The museum's reopening coincides with "Princeton Collects," a temporary exhibition featuring objects acquired during the construction period. The museum launched an ambitious campaign to drive artwork donations while closed, resulting in approximately 2,000 new works from more than 200 supporters. These donations include major pieces by renowned artists such as Ai Weiwei, Joan Mitchell, Philadelphia artist Becky Suss, and a monumental work by Irish artist Sean Scully so large that curators initially worried whether it would fit in the building. "Real masterpieces – a problematic word – but by artists like Mark Rothko, Helen Frankenthaler and later Gerhard Richter," Steward noted. "Artists that we could never have brought into the collection through purchase because their market values would have been beyond our means."

The building's design incorporates several innovative features aimed at combating museum fatigue and encouraging broader community engagement. Exhibition spaces vary in size, shape, height, and natural lighting, all oriented around the central shaft of the Grand Hall to help visitors navigate. "Daylight has a wonderful advantage in helping fight the problem of museum fatigue," Steward observed. "People are worn down by a sequence of similarly scaled gallery spaces where the light never changes. You can almost feel that you're divorced from time and place."

The first floor houses the entrance, classrooms, and the Grand Hall for presentations and performances, while the third floor contains offices and Mosaic, a full-service restaurant. The building is designed as a campus beacon, with pavilions on the second floor interspersed with large windows offering views of the campus in all directions. The ground floor layout functions as a crossroads, allowing pedestrians to pass through the museum in north-south and east-west directions while traveling across campus.

This design philosophy extends to the building's operational flexibility. Individual galleries can be shuttered separately, allowing the building to remain open for foot traffic even after museum hours, while the third-floor restaurant can maintain extended hours. The museum also features a visible conservation studio where visitors can observe conservation work in progress, and display cases outside classrooms showcase teaching collection items, including a 17th-century enameled French perfume bottle that students can handle and study closely.

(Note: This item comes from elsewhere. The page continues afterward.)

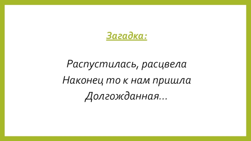 Загадка:Распустилась, расцвелаНаконец то к нам пришлаДолгожданная…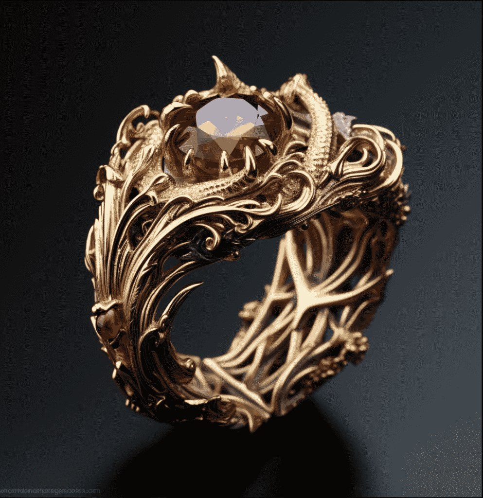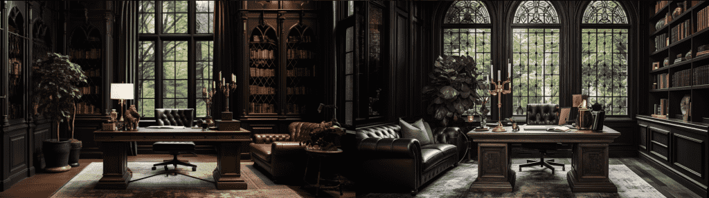 一个精致的哥特式风格家庭办公室,拥有深色木质镶板、戏剧性的照明和古董装饰。

The new museum represents more than just an expansion of space – it embodies Princeton's commitment to making art accessible to diverse audiences. Nick Cave's mosaic "Let me kindly introduce myself. They call me MC Prince Brighton" fills the atrium, while the Orientation Gallery surrounding the main staircase remains open outside regular visiting hours, providing access to a sampling of the collection for after-hours visitors.

Steward reflects on the museum's mission to overcome what he calls "threshold resistance" – the hesitation some people feel about entering art museums. "I've been a museumgoer since I was an infant, according to my parents. I always understood that museum-going could make me a fuller human being," he said. "Not everybody has that experience. Part of our job is to create a reason to come that overcomes what in the retail trade would be called threshold resistance." With its innovative design, expanded collection, and community-focused approach, the new Princeton University Art Museum stands ready to welcome both seasoned art enthusiasts and curious newcomers into its thoughtfully reimagined spaces.